CORT analysis was conducted using ELISA kits from ENZO Life Sciences using 96 well plates. Blood plasma samples were thawed at room temperature for 30 minutes prior to beginning the procedure and the ELISA kit was warmed at room temperature for the same period of time. Prior to starting the experiment assay buffer, wash buffer and 1:100 steroid displacement reagent (SDR) was prepared. Blood plasma samples were diluted to requirement and standards of known CORT concentration (pg/mL) (20000, 4000, 800, 160, 32) were prepared immediately before the experiment and used within 1 hour of mixing. 150 µl assay buffer was added to non-specific binding (NSB) wells. 100 µl assay buffer added to Blank wells. Standards and Samples were added to assigned wells. Conjugate was added to all wells except Total and Blank wells. Antibody was then added to all wells except Total, Blank and NSB wells. The well plate was then covered with a plastic sheet and placed on plate shaker for 2 hours incubation at 500 rpm at room temperature. The plate was then aspirated and washed with wash buffer adding 200 µl wash buffer to each well 3 times, inverting between each time and patting dry. 5 µl of Conjugate was then added to Total wells. 200 µl pNpp Substrate added to all wells, covered with plastic and aluminium foil to block the light. Well plate incubated for 1 hour without shaking at room temperature. Stop solution was then added all wells to stop reaction and absorbance at 405 nm immediately read using a plate reader. Samples were then compared to a standard curve; CORT concentrations were extrapolated and then multiplied by their dilution factor.

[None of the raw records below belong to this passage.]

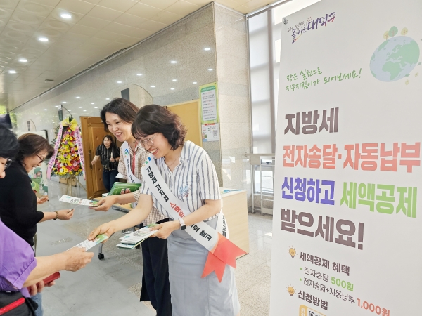 대덕구는 종이 고지서 제작 절감을 통한 탄소중립 실현을 위해 전자고지 신청을 적극 권장하고 있으며 이날 홍보 리플릿 배부하고 모바일 앱을 통한 전자송달 신청 방법을 직접 안내하는 등 적극적으로 홍보에 나섰다.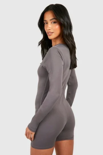 BOOHOO Petite Super Soft Peached Long Sleeve Unitard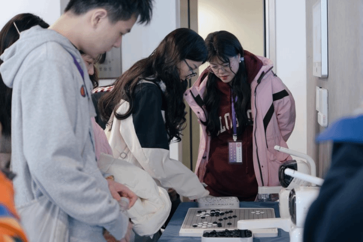 (学生在展馆内互动交流)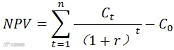 以财务领域最基本的概念NPV(Net Present Value:净现值)为例。它能反映出现金流、现值与风险。问题是,它的计算公式中有求和符号∑。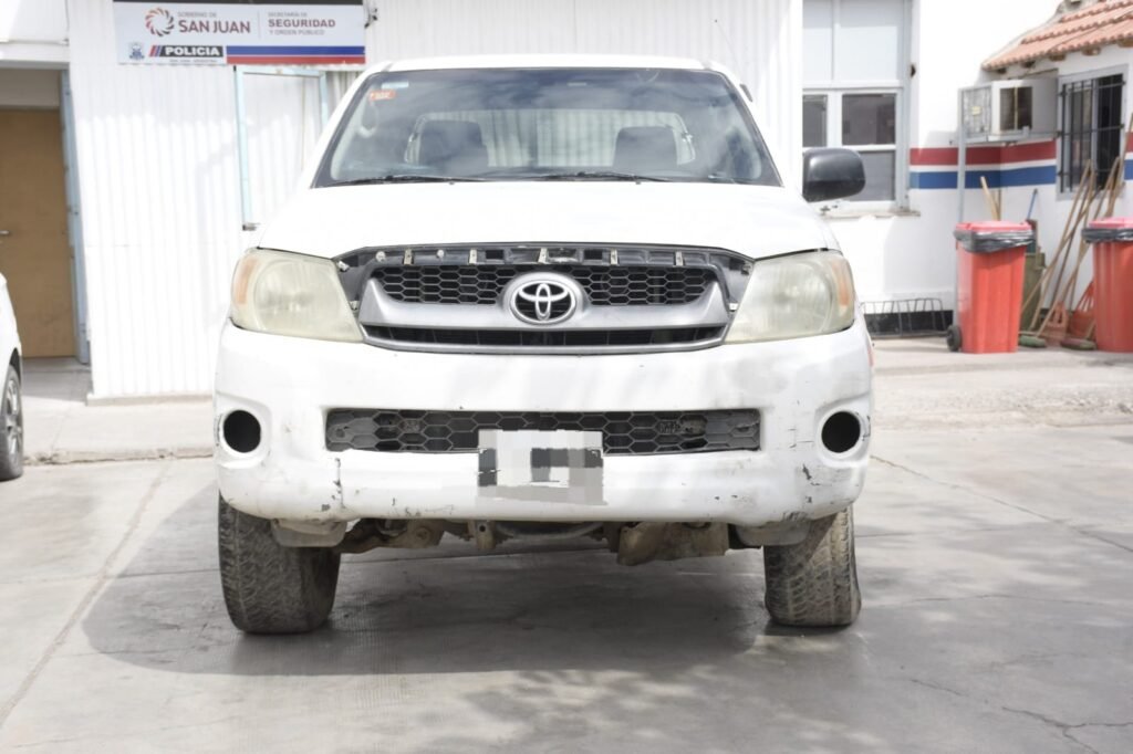 El procedimiento tuvo lugar el pasado 12 de marzo en la zona de Callejón García y Calle Perona, en el departamento de Rawson. Allí, los investigadores procedieron al secuestro de una camioneta Toyota Hilux de color blanco.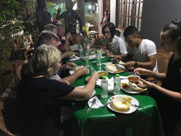 In the evening, when actually hungry this time, we slipped across road from the hotel to a roadside cafe. It was a vet ‘local’ haunt with a corrugated metal roof, trestle tables with plastic table cloths and plastic patio chairs. This is where the chef cooks in his open air kitchen beside the tables creating his dishes to the sound of chopping, scraping and frying. All of this smelt divine. Sat here loads of food arrived including dahls, hoppers (like a pancake), kottus and fried rice. We washed it down with some soft drinks and yoghurt to finish. Needless to say the costs was really negligible – a quarter of last night.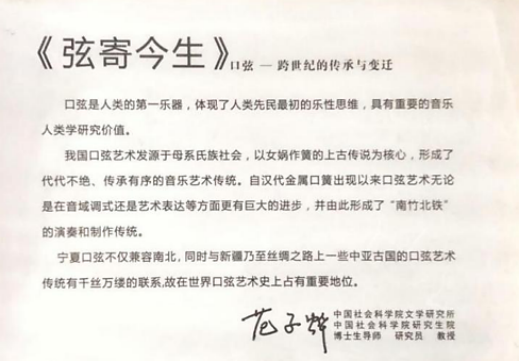 中科院范子烨教授对宁夏口弦的寄语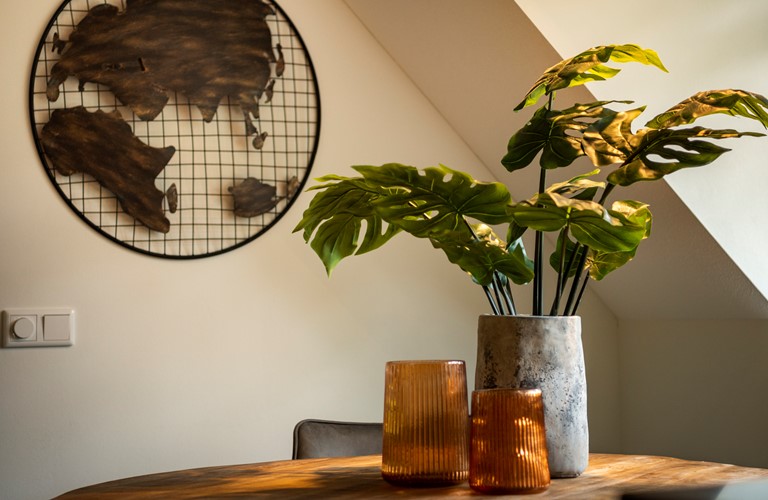 Een huis, van alle gemakken voorzien, gemeubileerd in een eigentijdse warme stijl.

Testosterone and Estradiol were analysed using corresponding ELISA kits from MyBioSource using the same protocol for both hormones. Samples were thawed and all reagents were warmed to room temperature before use for a period of 30 minutes. A wash buffer was prepared by diluting 15 ml of concentrated wash buffer with 285 ml deionised water. Firstly the Blank wells were assigned to the plate, 50 µl of Standard or Sample were then added to their assigned wells. 50 µl HPR-Conjugate was added to all wells except Blank and then 50 µl Antibody was added to all wells. The plate was then covered with adhesive film and incubated for 1 hour at 37 °C. All wells were then aspirated three times with 200 µl wash buffer administered using a multichannel pipette. Liquid was completely removed each time by inverting plate gently and patting dry. 50 µl Substrate A and 50 µl Substrate B was added to all wells, mixed well; then incubated for 15 minutes at 37 °C. The plate was covered in aluminium foil for this incubation period in order to block light. Finally 50 µl of Stop Solution was added to each well, the highest concentrated standards should develop an obvious blue colour. Optical density was then determined by using a microplate reader set to 450 nm and hormone levels were compared to the standard curve.